Needed to add type: ignore for unclear reasons...

I think dim is expected to be a string but we pass a Hashable (dict key).

# type: ignore is fine here or set dim=str(dim) to remove that comment

pochedls · 2024-06-28T20:02:15Z

xcdat/spatial.py

@@ -716,6 +725,9 @@ def _averager(self, data_var: xr.DataArray, axis: List[SpatialAxis]):
 Data variable inside a Dataset.
 axis : List[SpatialAxis]
 List of axis dimensions to average over.
+ required_weight : optional, float


Is required_weight a good parameter name? What should the default be (currently zero to make default behavior backwards compatible).

Maybe required_weight_pct? required_weight sounds like a boolean parameter.

I think 0 is the appropriate default value.

Actually I like None as a default value to indicate the arg is not set by default.

pochedls · 2024-06-28T20:02:30Z

xcdat/spatial.py

@@ -729,11 +741,48 @@ def _averager(self, data_var: xr.DataArray, axis: List[SpatialAxis]):
 """
 weights = self._weights.fillna(0)


I don't think this does anything.

I recall we ran into issues with Xarray's weighted mean API when weights contain np.nan. The notes above it say:

xcdat/xcdat/spatial.py

Lines 727 to 728 in cdae826

``weights`` must be a DataArray and cannot contain missing values.

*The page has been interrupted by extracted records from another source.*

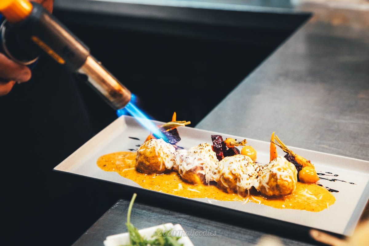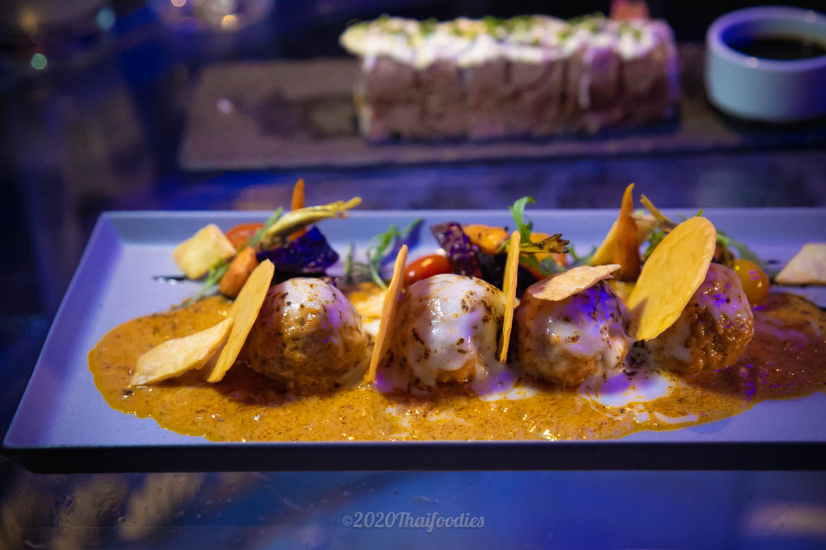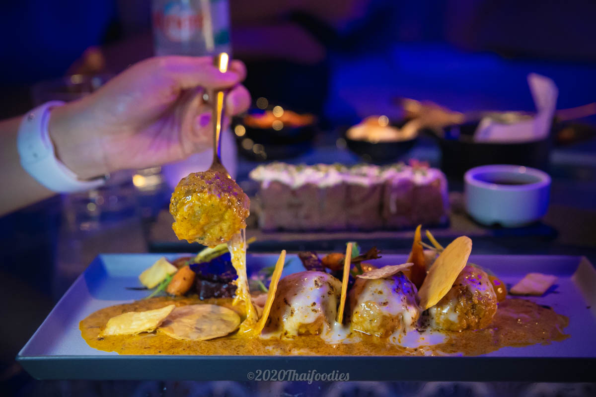 Mussamun meat balls along with melted cheese and curry.
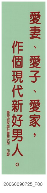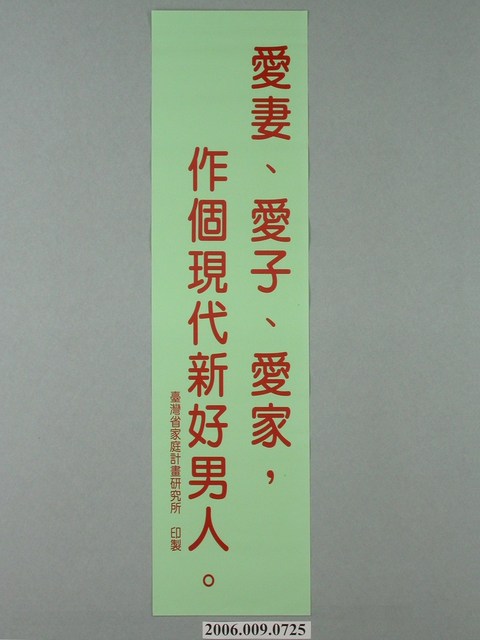2006.009.0725 臺灣省家庭計畫研究所印製「愛妻、愛子、愛家,作個現代新好男人」標語
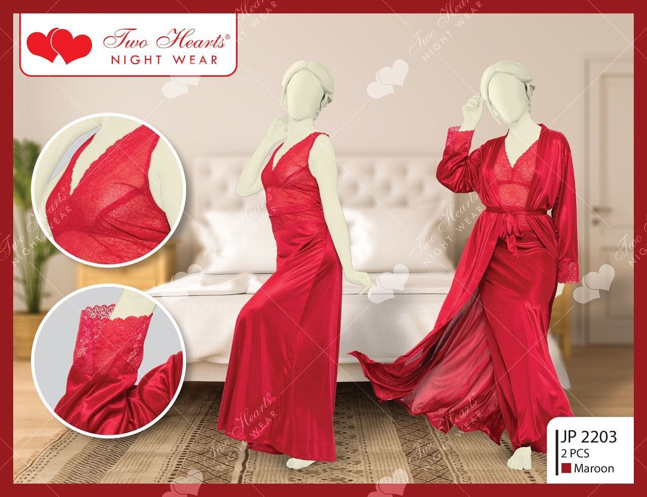 Two hearts Satin Silk Full Night Robe with Inner Nighty

Missing values are replaced with 0 using ``weights.fillna(0)``.

pochedls · 2024-06-28T20:12:14Z

tests/test_spatial.py

+ def test_spatial_average_with_required_weight_as_None(self):
+ ds = self.ds.copy()
+
+ result = ds.spatial.average(
+ "ts",
+ axis=["X", "Y"],
+ lat_bounds=(-5.0, 5),
+ lon_bounds=(-170, -120.1),
+ required_weight=None,
+ )
+
+ expected = self.ds.copy()
+ expected["ts"] = xr.DataArray(
+ data=np.array([2.25, 1.0, 1.0]),
+ coords={"time": expected.time},
+ dims="time",
+ )
+
+ xr.testing.assert_allclose(result, expected)


This test is related to the code chunk in _averager that deals with the case where required_weight=None. I don't know why it would ever be None (it is supposed to be Optional[float] = 0., so I don't know how it could be None). If you don't have those conditionals you get an issue (maybe from mypy) about comparing None to int | float with the lines that check if required_weight > 0..

So if we could ensure that required_weight is always of type float we could remove this test and other conditionals in _averager. That would be ideal...

Using Optional indicates that the argument can also be None. You can just specify float as the type annotation if None is not expected.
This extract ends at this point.